### Collection Series and parallel circuits

## Series and parallel circuits

Lesson for 16-19

Here, simple ideas about electricity are applied to circuits that have real applications. We begin by considering the effective resistance when components are connected in series and in parallel. The link between voltage and energy transfers leads to ideas about energy and power. Conservation laws (charge and energy) lead directly to Kirchhoff's laws and these in turn provide a method for solving a large range of circuit problems, including potential dividers.

## Episode 113: Preparation for series and parallel circuits topic

Teaching Guidance for 16-19

- Level Advanced

A joulemeter will be useful when discussing energy and power in electric circuits. It is worth practising with it before using it in any demonstration.
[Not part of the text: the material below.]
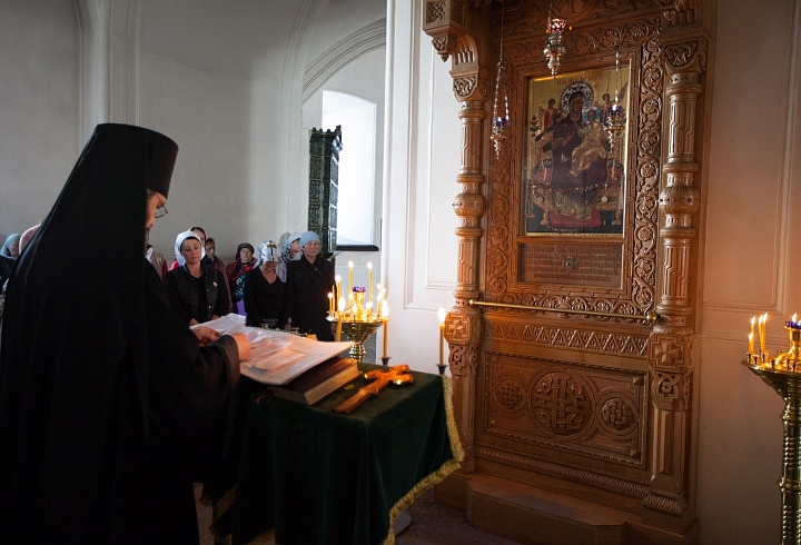 Тропарь, глас 4: Образом радостотворным честныя Всецарицы, желанием теплым взыскающих благодати Твоея спаси, Владычице; избави от обстояний к Тебе прибегающих; от всякия напасти огради стадо твое, к заступлению Твоему взывающе присно.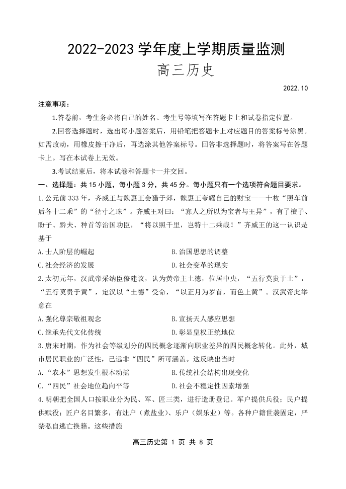 山东省潍坊市区域2022.10高三年级质量监测历史

Find a selection of ready-made potential dividers (also known as potentiometers). Look for the three connections, characteristic of a potential divider. Take the back off a rotary potentiometer to see the resistive material, and the wiper.

#### Main aims of this topic

Students will:

- calculate resistances of series and parallel combinations of resistors
- investigate the power of a filament lamp
- use energy and power equations, including calculations of cost
- test and use Kirchhoff's laws
- use potential dividers to control potential difference and to build a sensor

#### Prior knowledge

By this stage, students should be able to distinguish between charge, current and voltage; they should understand the definition of resistance, and be competent in handling equations involving these four quantities. However some pupils will probably still be unwittingly harbouring some misconceptions, for example in the area of potential differences in parallel circuits, so be prepared to test, rather than to assume knowledge.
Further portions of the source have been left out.